## DATA BLOCK
::::

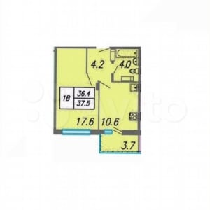 - Общая площадь: 37.4 м²
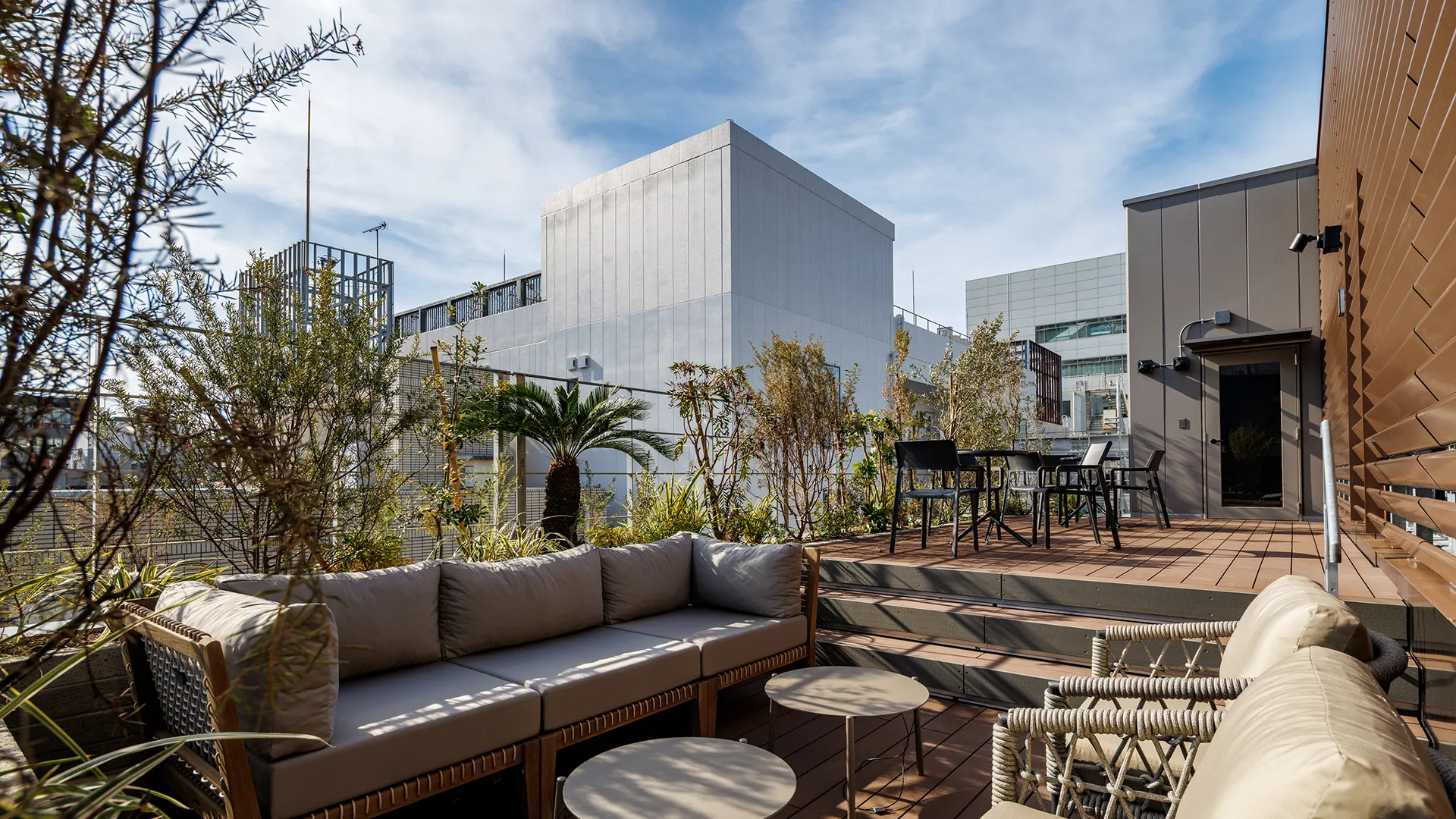 屋上テラスもあり、気分やタスクに合わせて自由にワークスペースを選択可能。
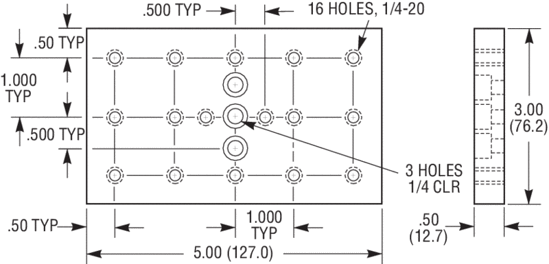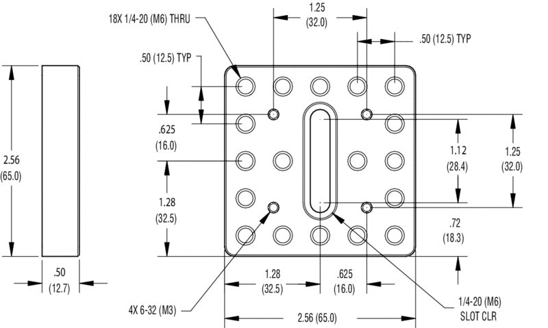 The Model 38 Platform is an anodized aluminum plate with an array of threaded 1/4-20 holes in 1-in. and 0.5-in. hole patterns, along with counter bored through holes, on its 3.0 in. x 5.0 in. surface (76.2 mm x 127 mm). This adaptor plate is particularly useful for mounting English components on to a metric optical table, or to provide a larger mounting surface to smaller stages or base plates. The model 38 is made from black anodized aluminum alloy. If a larger mounting platform is needed, we suggest using Model 290-TP. Model 39 is an adjustable version of this platform which is also available.

::::

## ACTIVITY
Every word of the material, and none of its pictures, should be set down again.

## YOUR SOLUTION
 - Общая площадь: 37.4 м²
 屋上テラスもあり、気分やタスクに合わせて自由にワークスペースを選択可能。
 The Model 38 Platform is an anodized aluminum plate with an array of threaded 1/4-20 holes in 1-in. and 0.5-in. hole patterns, along with counter bored through holes, on its 3.0 in. x 5.0 in. surface (76.2 mm x 127 mm). This adaptor plate is particularly useful for mounting English components on to a metric optical table, or to provide a larger mounting surface to smaller stages or base plates. The model 38 is made from black anodized aluminum alloy. If a larger mounting platform is needed, we suggest using Model 290-TP. Model 39 is an adjustable version of this platform which is also available.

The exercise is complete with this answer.